▶ _Listed entries_
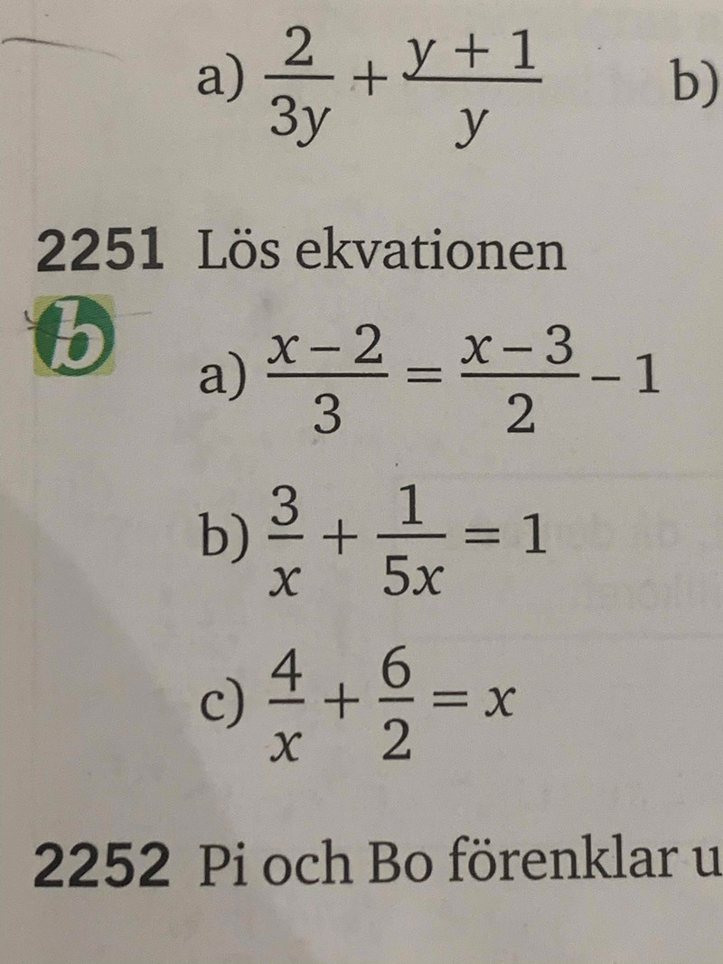 Alltså vilken uppgift menar ni jag menar2251 b (x-2)/3=(x-3)/2-1
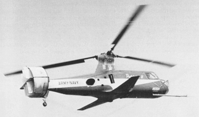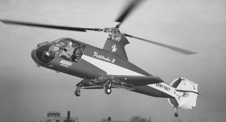 The Piasecki Aircraft Corporation has been engaged since the early 1960s on a series of compound helicopter research designs known by the name Pathfinder. The concept first took material form at the Model 16H-1 Pathfinder prototype (registration N616H). This aircraft was developed as a private venture and flew for the first time on 21 February 1962, undertaking this flight as a ‘pure’ helicopter without using the 3-blade ducted tail fan. No wings were fitted at that stage, the cabin was unfaired, and the retractable landing gear was fixed in the extended position. Small stub-wings, which could be folded, and a fully-enclosed cabin to accommodate a pilot and 4 passengers, were added later in the year. The Pathfinder also mounted a retractable landing gear.
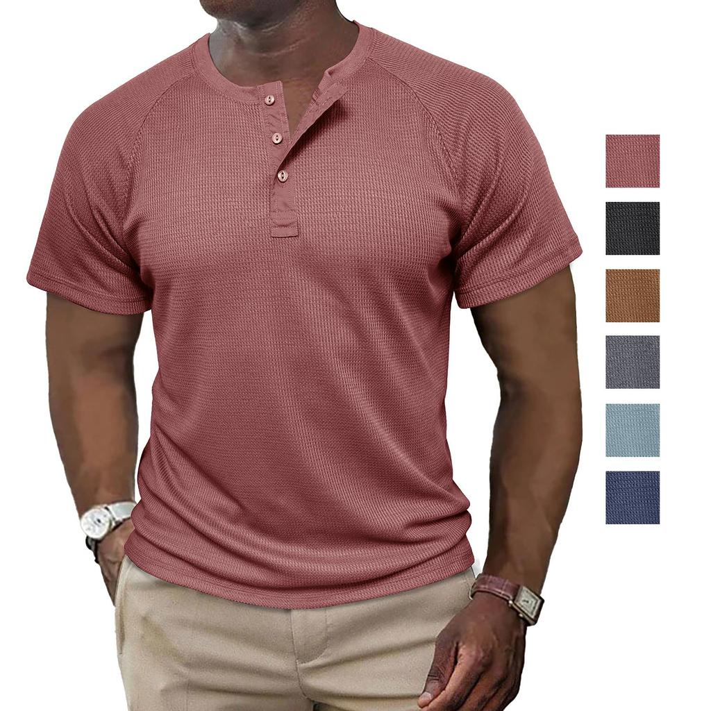 Мужские рубашки на пуговицах, вафельные футболки с короткими рукавами и круглым вырезом, летние пуловеры, повседневная праздничная повседневная одежда
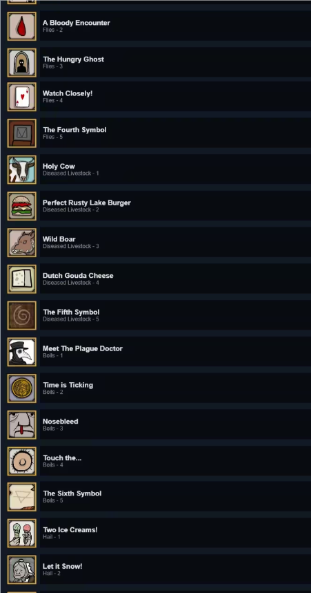 其实很简单啦,看上面的那个图就基本知道你哪一关缺哪个了,比如说第六关第三个成就缺了,看那个图就是一个鼻子流东西出来,那就是第六关BOILS给奶奶闻东西的成就,给奶奶闻血就行。只要玩过一周目,大体上猜的出来的。
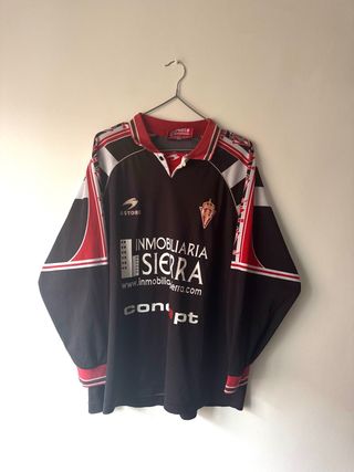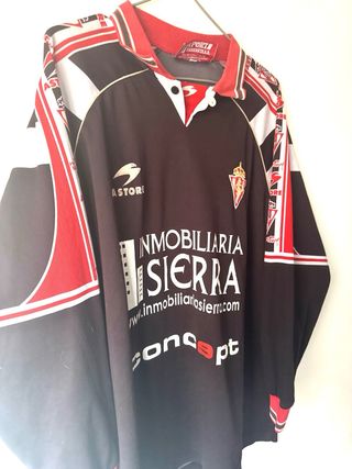 Camiseta de fútbol de la temporada 1999/2000. - Diseño con cuello en V y manga larga. - Detalles en rojo y blanco en mangas y cuello. - Logo de Astore en el pecho. - Escudo del Sporting en el pecho.
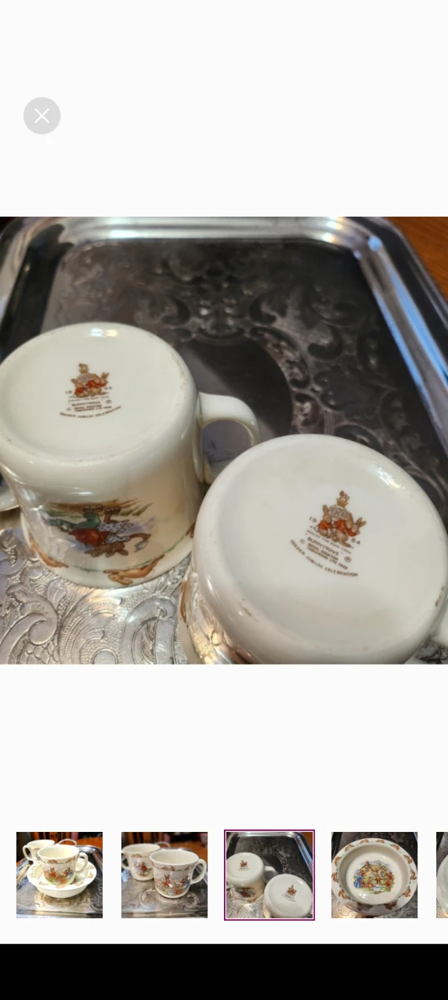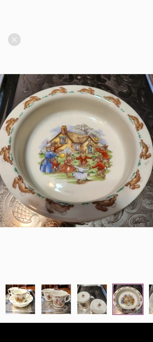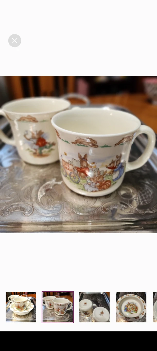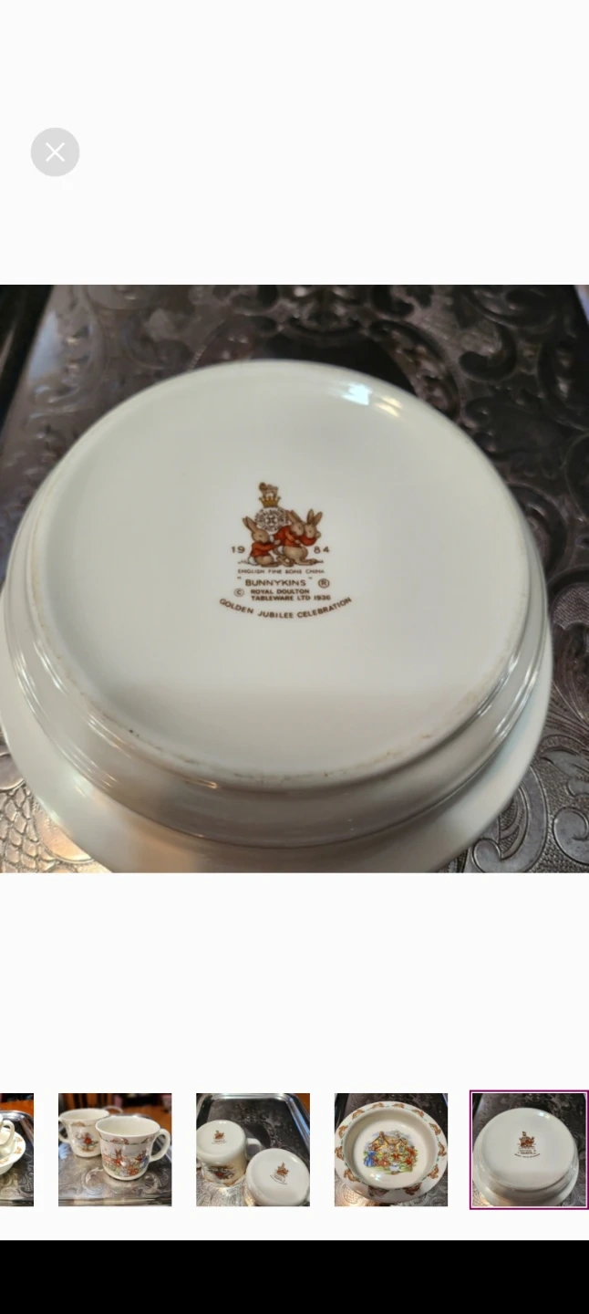This is a Royal Doulton Bunnykins Golden Jubilee Celebration set. It includes a bowl and two mugs with adorable bunny designs. Perfect for collectors or anyone who loves a touch of whimsy! Vintage 1984.

▶ _Task requirements_
With the pictures omitted, print precisely the lines from the one with "其实很简单啦,看上面的那个图" to the final line of the records, both included.

▶ _Solution to this problem_
 其实很简单啦,看上面的那个图就基本知道你哪一关缺哪个了,比如说第六关第三个成就缺了,看那个图就是一个鼻子流东西出来,那就是第六关BOILS给奶奶闻东西的成就,给奶奶闻血就行。只要玩过一周目,大体上猜的出来的。
 Camiseta de fútbol de la temporada 1999/2000. - Diseño con cuello en V y manga larga. - Detalles en rojo y blanco en mangas y cuello. - Logo de Astore en el pecho. - Escudo del Sporting en el pecho.
This is a Royal Doulton Bunnykins Golden Jubilee Celebration set. It includes a bowl and two mugs with adorable bunny designs. Perfect for collectors or anyone who loves a touch of whimsy! Vintage 1984.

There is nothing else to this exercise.